Optical and mechanical properties of sol-gel antireflective films for solar energy applications

Abstract

Antireflective films on glass were prepared by a dip-coating method from a sol-gel, which consisted of 50 nm monodisperse silica particles mixed with ethanol and water. The solar transmittance increased by 5.4% for the best made sample. A visible transmittance as high as 99.2%, with a peak transmittance of 99.5%, was achieved. A super insulated triple glazed window was made up of two low emissive glazings and an intermediate glazing which was either a standard float glass or an antireflective coated low iron one. At low angels of incidence the visible transmittance is more than 10% higher for the unit with the antireflective glazing, but at high angles of incidence they become almost identical.
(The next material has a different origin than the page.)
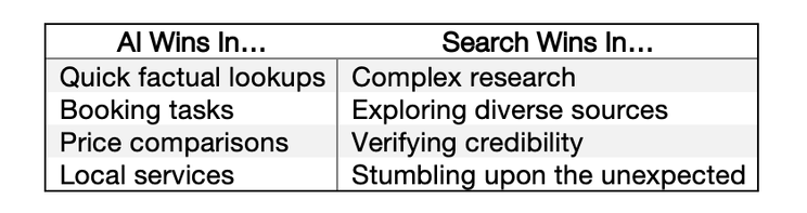 Here’s the twist: The real threat of AI isn’t to general search. It’s to verticals where synthesis beats browsing.

The scratch resistance of the film and the adhesion between the film and the substrate was considerably improved by baking the film at elevated temperatures. A slight decrease in the transmittance is noticed after the baking and the peak transmittance is displaced towards shorter wavelengths. It is believed that the particles fuse together and to the substrate upon baking. Transmission electron microscopy was used to study the baking process and preliminary results support the fusion theory. One large scale sample was tempered in a commercial oven with strongly improved mechanical properties as a result. The minimum reflectance was slightly increased to 1.5% from the initial 1%, but on the whole the antireflective properties were preserved.